My eyes snapped open then, his face replaying in my head as clear as the morning sky. His pale face holding no expression besides that of shock and terror as they fell on me. His shining wide jade eyes unblinking as they washed over me. They destroyed my focus, numbing my brain and my limbs. His lips slightly parted that if I closed my eyes for a moment I could hear his ragged breathing rolling down my neck, making me almost shiver with the thought alone that felt so forbidden.

"Gaara," I whispered as my breathing quickened. I had seen him today for the first time in years, and it was so much for me to handle at once. I spent 6 years pushing everything to the back of my mind to protect myself, to keep myself in the dark about things that I had stumbled across by accident. Things that shouldn't even be possible. I wanted to erase truth from my head, to erase the hurt of knowing that he went away, to bury his secrets deep in my subconscious mind to keep from thinking or remembering them aloud. To keep myself sane from the overall craziness that was unfolding around me. It was all too late now. I couldn't ignore the truth any longer, it was impossible to ignore now that my memories were returned to me after years of abandonment from my childhood heartbreak of a severed friendship.
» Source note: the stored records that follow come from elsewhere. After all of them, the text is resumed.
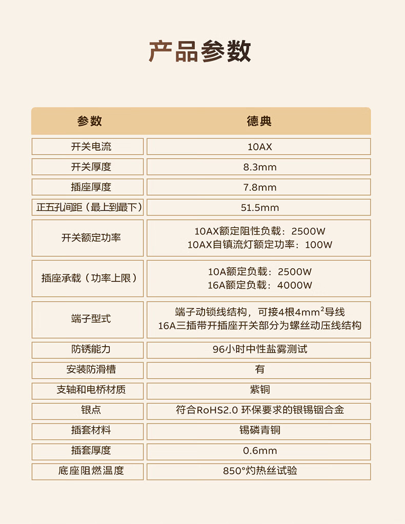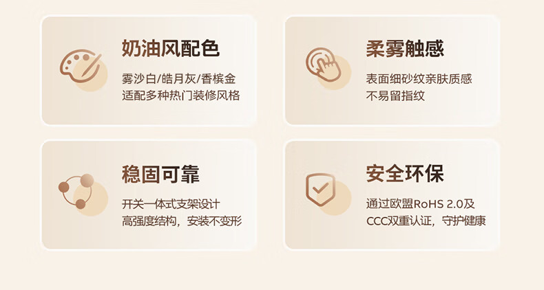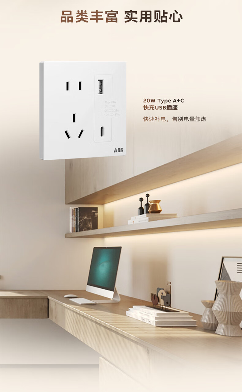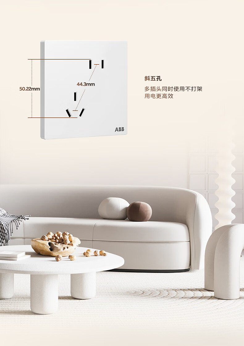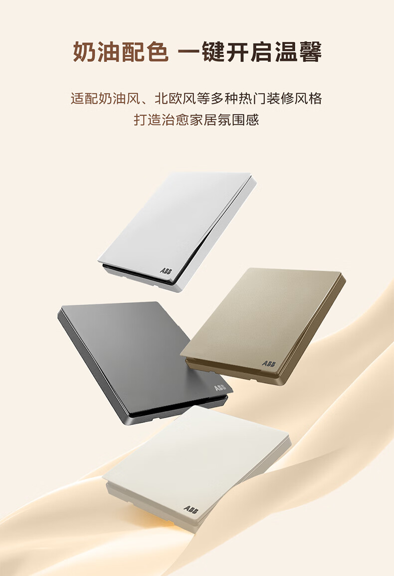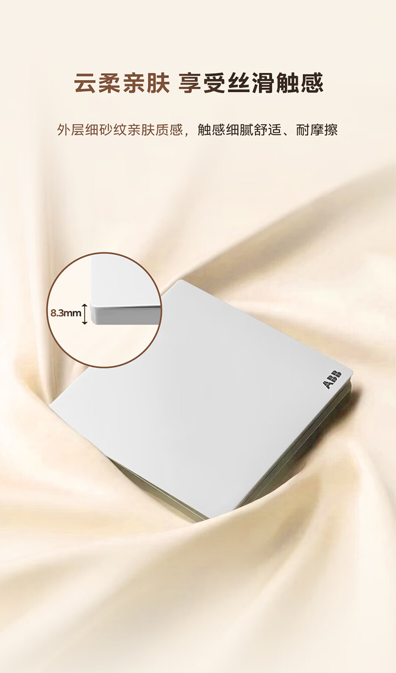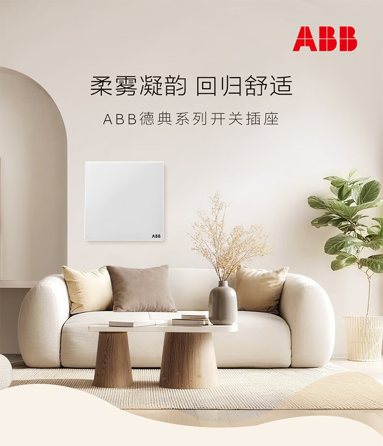 ABB开关插座面板 德典系列雾沙白 磨砂哑光奶油风 无边框 86型电源 正五孔插座
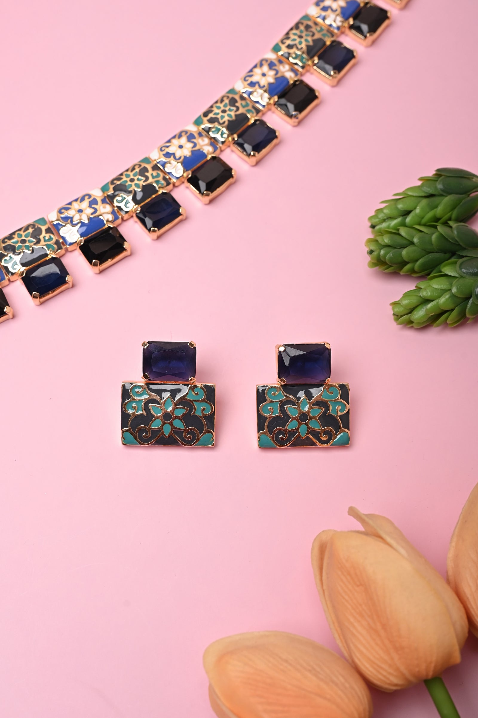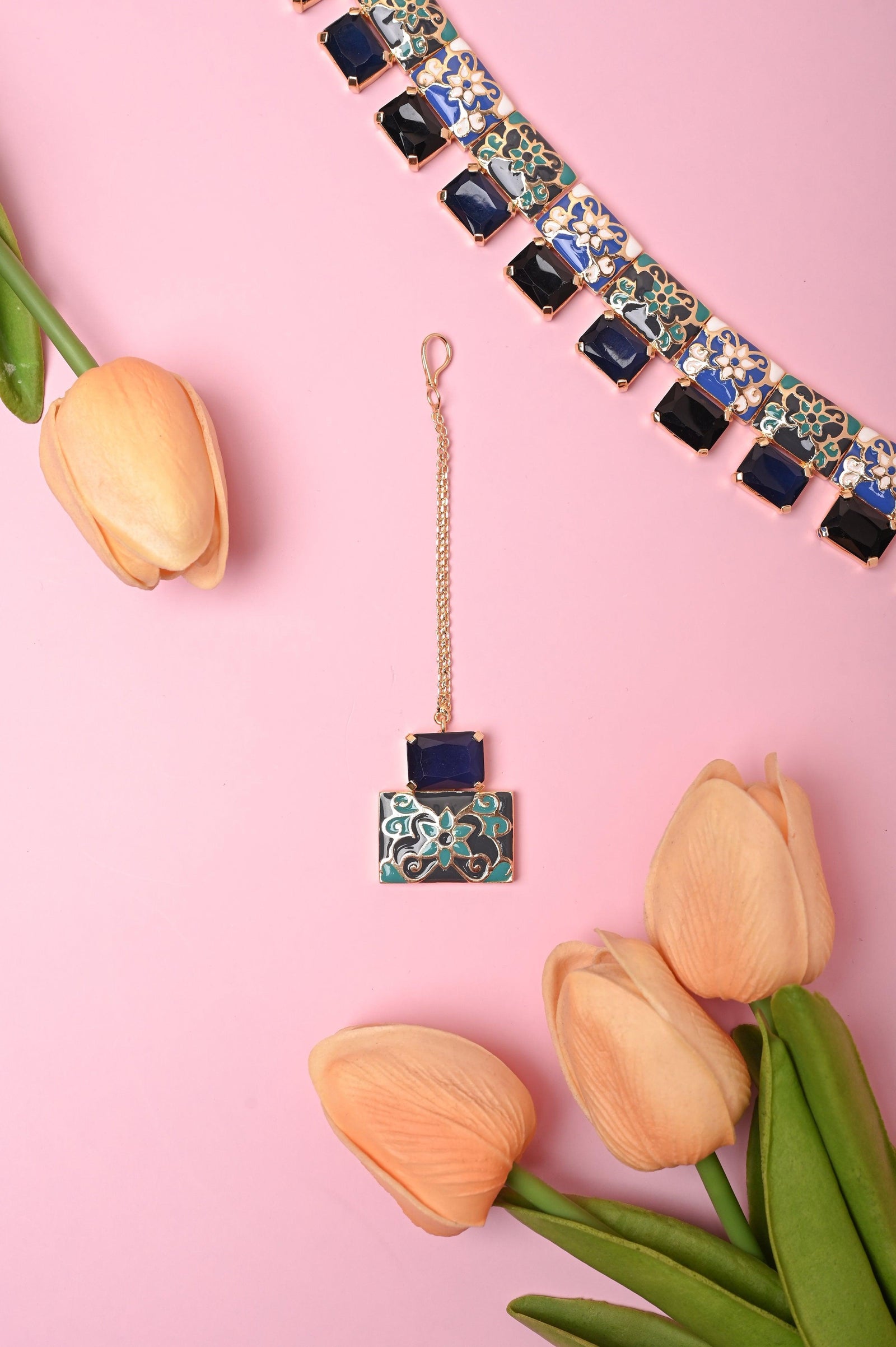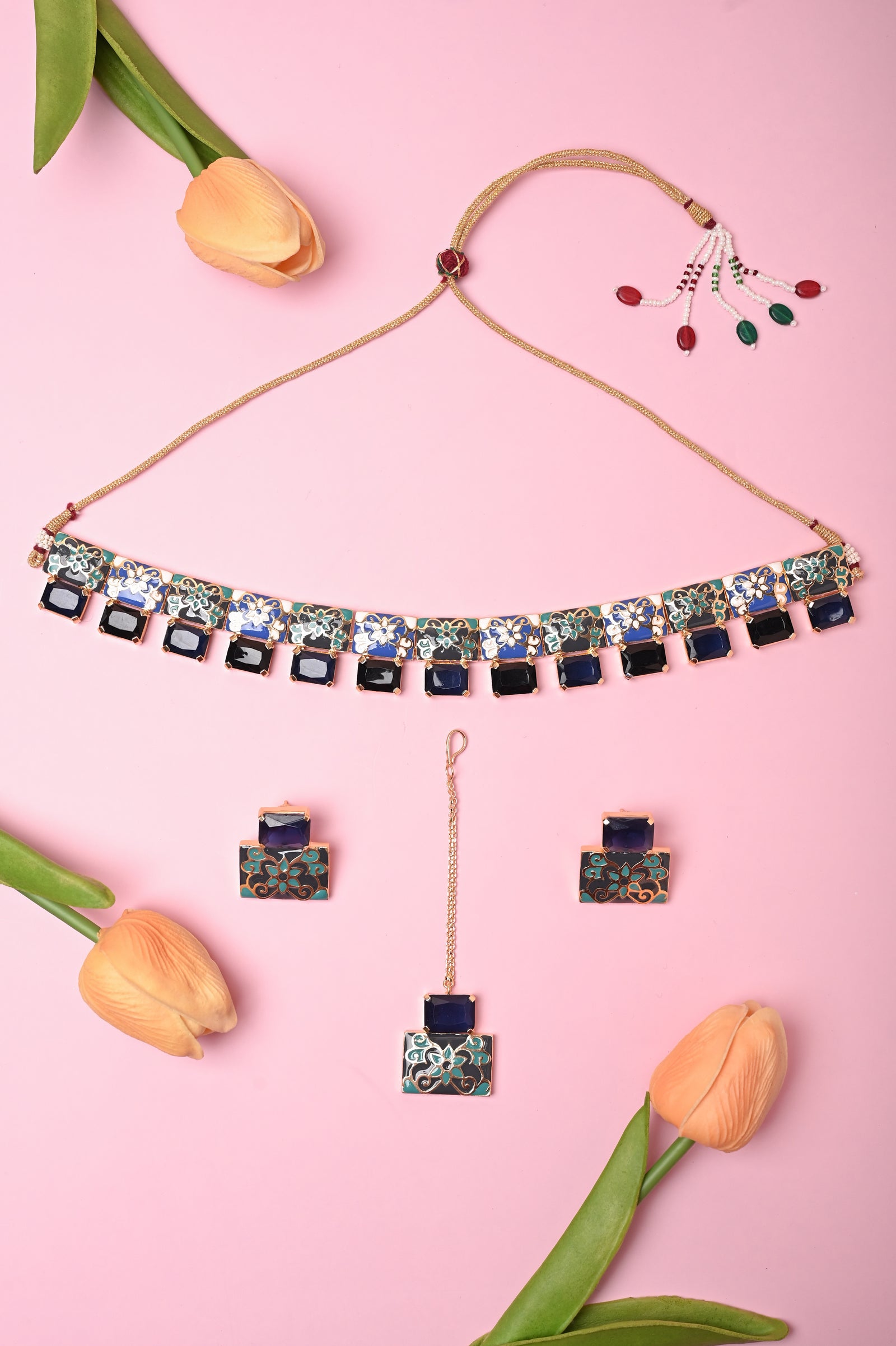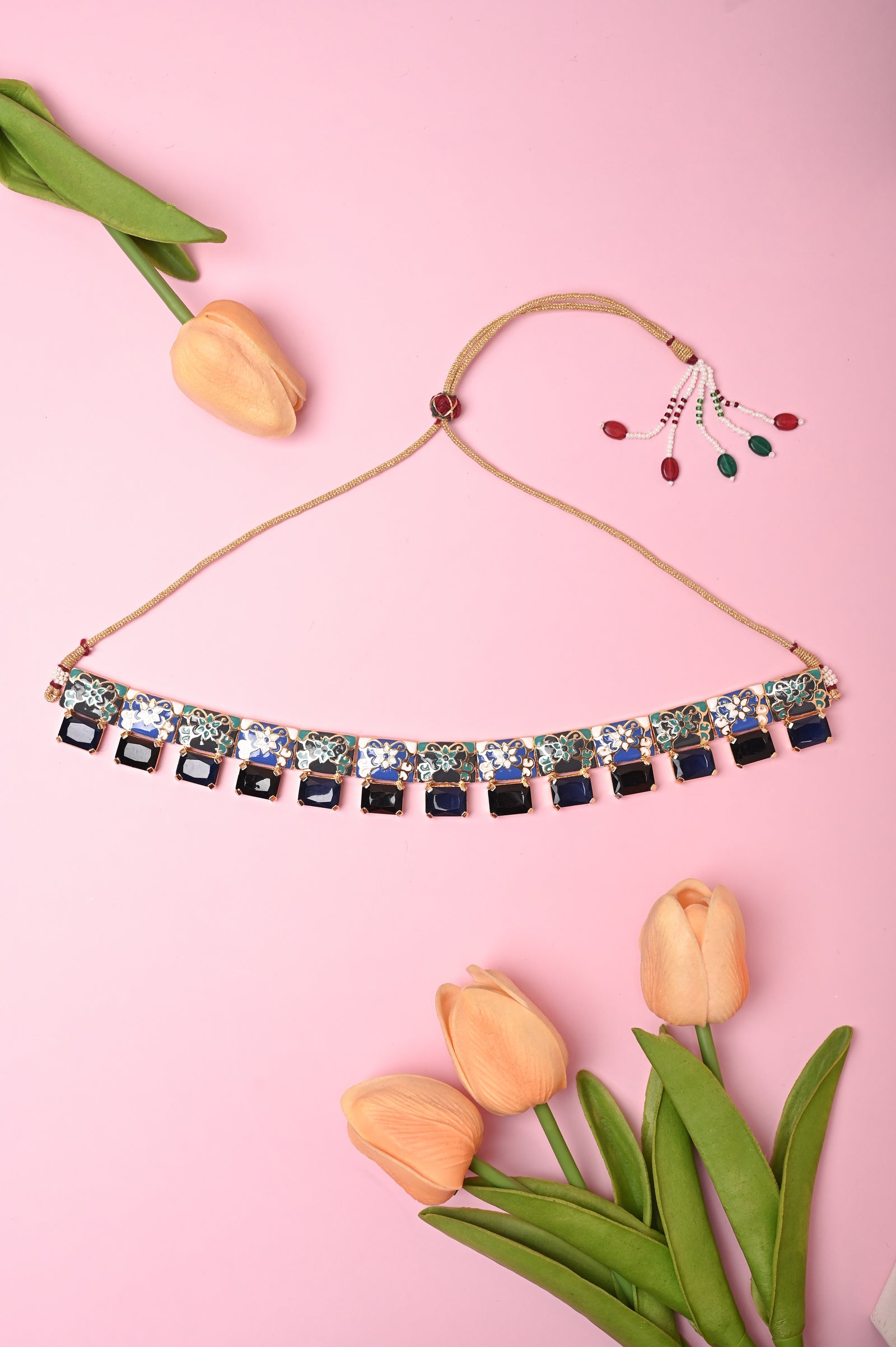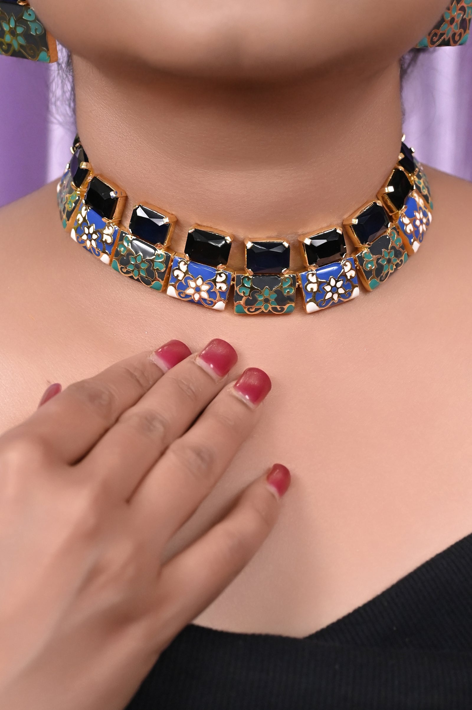 Elevate your style with our stunning blue stone-work choker necklace set! Featuring a lovely blue Monalisa stone, embellished with meenakari design on the pendant and earrings, this one-of-a-kind set is sure to make a statement. The matching stonework and meenakari studs add the perfect finishing touch, ideal for pairing with any saree. The penny is kept by the side to help you understand the size of the product.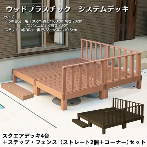 ■ 商品内容 : ウッドプラスチックデッキ(90×90 cm)4台 + ストレートフェンス 2枚 + コーナーフェンス 1組 + 専用ステップ1台 のセット商品です。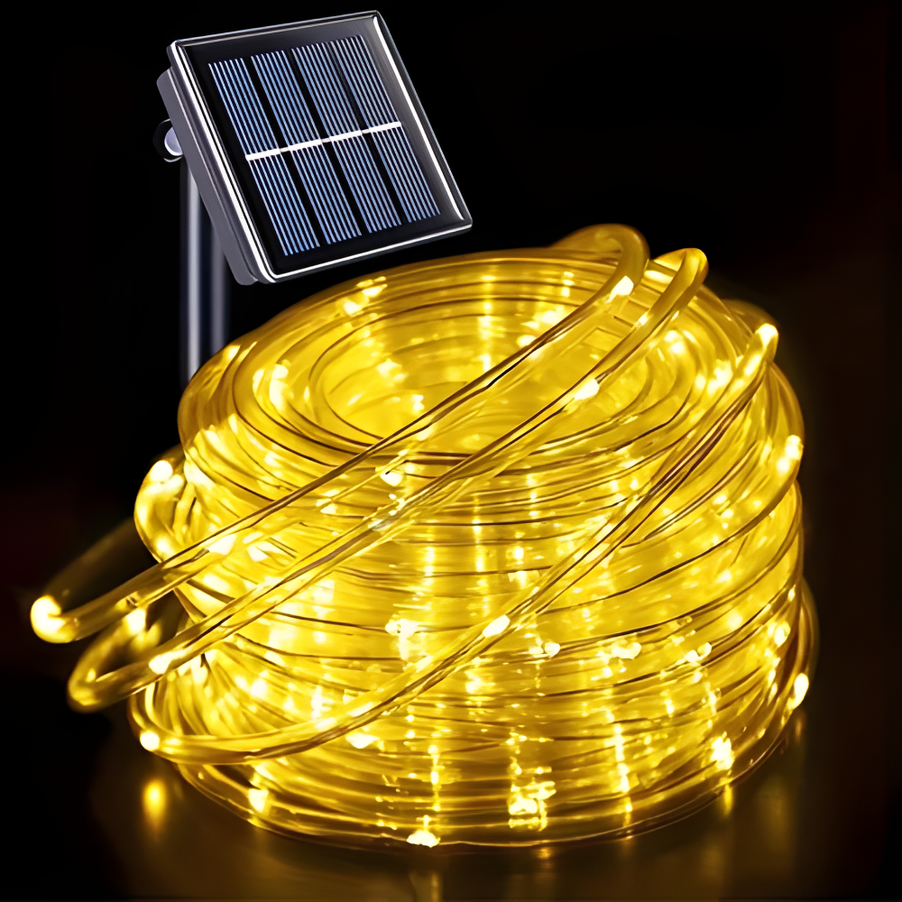 💡 Iluminá tus espacios con estilo con la manguera de luces LED solares. Perfecta para decorar balcones, patios, jardines o eventos, aportando una luz cálida y acogedora.

"Who?" Hinata asked, her face scrunching in confusion. I swallowed a lump that had formed in my throat, sitting up slowly to look at her.

"Gaara," I repeated, his name feeling like a whip of fire, curling at the base of my neck, flaring into my throat with such an intensity that threaten to set me aflame at any moment. "You don't remember? The boy I used to talk to you about in middle school."

"Oh him!" she said, nodding as her own memories seemed to recall the several incidents where we would converse about said redhead on occasion. She gave me this odd look before speaking again. "Didn't he leave or something before and that's why you were so out of it for a long time? I mean you were visibly upset about it so I never brought him up agai-"

"I saw him today!" I cut her off at the last word in my enthusiasm. I just couldn't let myself dwell back in the past anymore. I needed to be focused more on now, more on this moment, even if I was being overly excited about the whole thing.

"Really?" she said in almost the same amount of awe that was dripping from my own voice. I nodded energetically at her, my heart racing from the hysteria. "A-Are you sure it was really him?"

"Positive Hinata," I said in an airy voice, peeling the cold cloth off my forehead and placing it on the lamp stand beside the couch. "It _was _him. Even though I haven't seen him in years, I'd still recognize those features. He's here in the city."

"Wow, that's something totally unexpected," she said with a smile as she raised a brow at my reaction. I blinked back as she leaned close, giggling. "So, what does he look like now?"

"Beautiful," I breathed out, collapsing back on the cushions as my head started to spin. I never really understood why I was always like this whenever the mere mention of him came up, even when I was younger. I just could never understand why my head would whirl, my heart would beat, and my body would suddenly become numb like I was frozen underground for so long. It was the strangest feeling anyone could ever feel in a lifetime. "Like, his face was hand crafted by god's hands himself. Words can't really express how handsome he's become. It's almost like…like you've died and seen a piece of heaven, if you can call it that."

"I think I just died and seen a piece of heaven."

Hinata and I had turned our heads to the door at the sound of Ino's voice, to see her fanning her flushed face with a take out bag as she opened the door, closed it behind her, and slid down to the ground in a huff. I raised my eyebrow at the dramatic scene, Hinata covering her mouth to laugh as Ino stood up after a while. She walked over to us, sitting in the big comfortable armchair, takeout bags sitting right beside her feet.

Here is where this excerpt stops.